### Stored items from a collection
============================================================

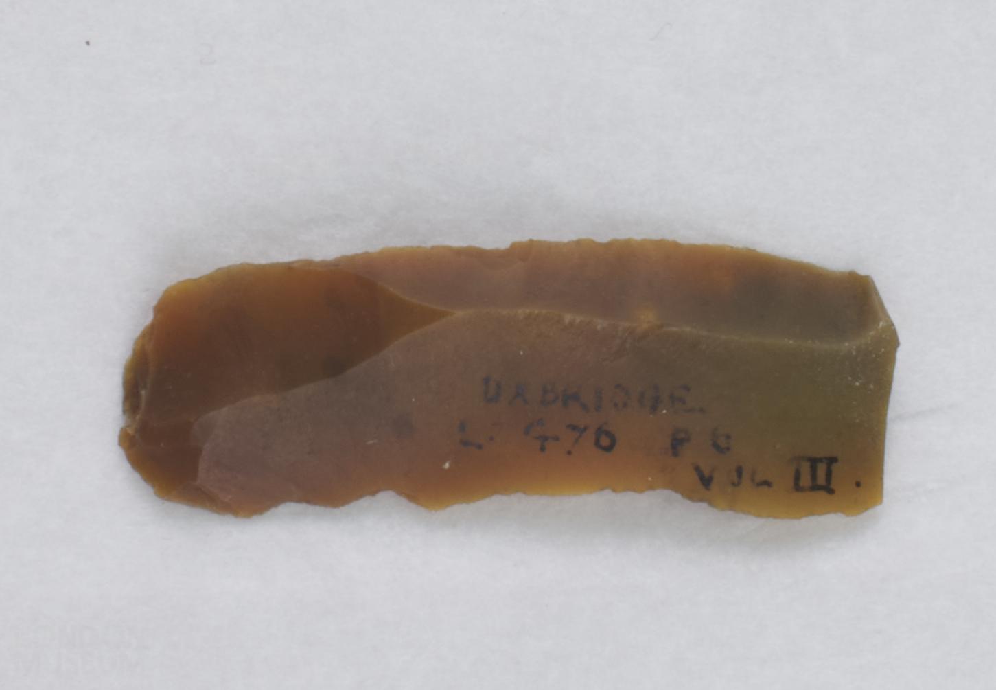 Flake made of dark brown flint, rectangular shape with steep retouch on both sides and some on the base. Possibly a blade.
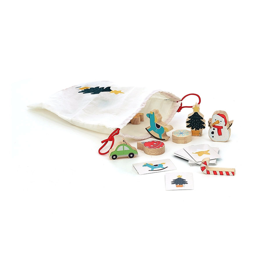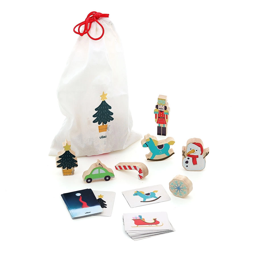El calendario de adviento de Vilac no solo es una gran diversión prenavideña, sino que también desarrolla una habilidad importante en los niños: el tacto. Con ayuda de las figuras de madera escondidas en una bolsa de tela, los niños ejercitan sus sentidos.
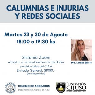 Charla: "Calumnias e Injurias y Redes Sociales"La Dra. Lorena Bilicic disertará sobre esta temática el 23 y 30 de agosto de 18:00 a 19:30 hs, vía sistema Zoom. Esta capacitación, organizada por Fundación CIJUSO y el C.A.A, es no arancelada para matriculadas y matriculados. Podés inscribirte completando el formulario online, haciendo click aquí. LEER MÁS |
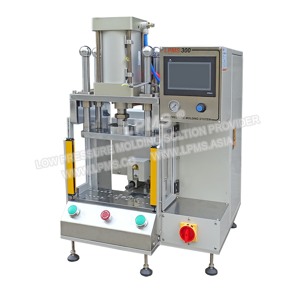 LPMS 300桌上型側(cè)式低壓注膠機(jī)的工作臺(tái)和熔膠系統(tǒng)為一體式設(shè)計(jì),其注膠槍位於模具側(cè)面,從模具側(cè)面注膠,當(dāng)產(chǎn)品較大時(shí)模具只能設(shè)計(jì)為一模一穴,採用側(cè)式低壓注膠可避免在產(chǎn)品正上方注膠而留下進(jìn)料痕影響產(chǎn)品美觀。適合封裝尺寸較大或外形複雜產(chǎn)品。
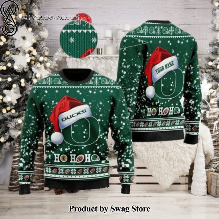NOTE: [Top-selling] Oregon Ducks NCAA Santa Claus Hat Ho Ho Ho 3D Custom Name Ugly Christmas Sweater
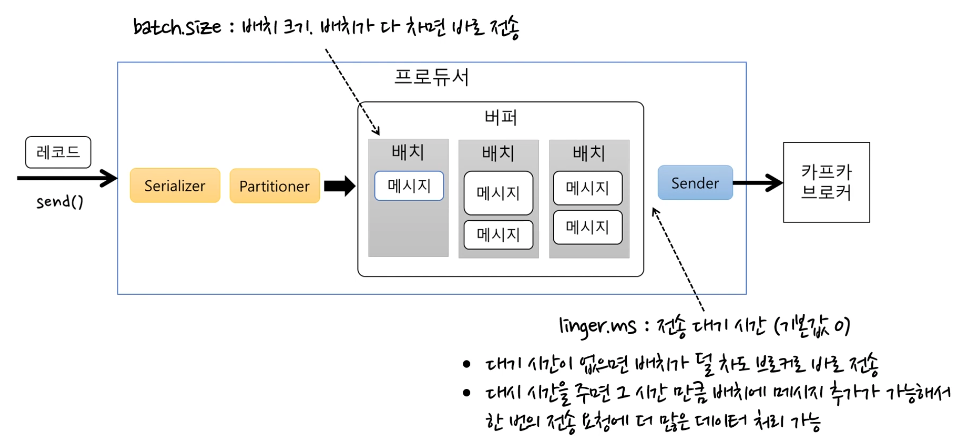 : 배치 크기, 배치가 다 차면 바로 전송linger.ms
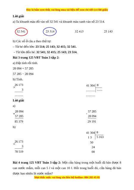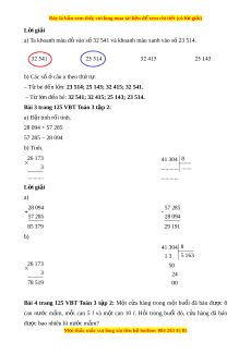 Bài 3 trang 125 VBT Toán 3 t p 2: ậ a) Đ t ặ tính r i ồ tính. 28 094 + 57 285 57 285 − 28 094 b) Tính. 26 173 41 304 8 3 ............ ....... ........... ............ L i ờ giải a) 28 094 57 285 57 285 28 094 85 379 29 191 b) 41 304 8 1 3 5 163 26 173 50 3 24 78 519 00

============================================================

### Problem to solve
Provide an exact copy of the records, excluding every picture.

### Your response
 Flake made of dark brown flint, rectangular shape with steep retouch on both sides and some on the base. Possibly a blade.
El calendario de adviento de Vilac no solo es una gran diversión prenavideña, sino que también desarrolla una habilidad importante en los niños: el tacto. Con ayuda de las figuras de madera escondidas en una bolsa de tela, los niños ejercitan sus sentidos.
 Charla: "Calumnias e Injurias y Redes Sociales"La Dra. Lorena Bilicic disertará sobre esta temática el 23 y 30 de agosto de 18:00 a 19:30 hs, vía sistema Zoom. Esta capacitación, organizada por Fundación CIJUSO y el C.A.A, es no arancelada para matriculadas y matriculados. Podés inscribirte completando el formulario online, haciendo click aquí. LEER MÁS |
 LPMS 300桌上型側(cè)式低壓注膠機(jī)的工作臺(tái)和熔膠系統(tǒng)為一體式設(shè)計(jì),其注膠槍位於模具側(cè)面,從模具側(cè)面注膠,當(dāng)產(chǎn)品較大時(shí)模具只能設(shè)計(jì)為一模一穴,採用側(cè)式低壓注膠可避免在產(chǎn)品正上方注膠而留下進(jìn)料痕影響產(chǎn)品美觀。適合封裝尺寸較大或外形複雜產(chǎn)品。
NOTE: [Top-selling] Oregon Ducks NCAA Santa Claus Hat Ho Ho Ho 3D Custom Name Ugly Christmas Sweater
 : 배치 크기, 배치가 다 차면 바로 전송linger.ms
 Bài 3 trang 125 VBT Toán 3 t p 2: ậ a) Đ t ặ tính r i ồ tính. 28 094 + 57 285 57 285 − 28 094 b) Tính. 26 173 41 304 8 3 ............ ....... ........... ............ L i ờ giải a) 28 094 57 285 57 285 28 094 85 379 29 191 b) 41 304 8 1 3 5 163 26 173 50 3 24 78 519 00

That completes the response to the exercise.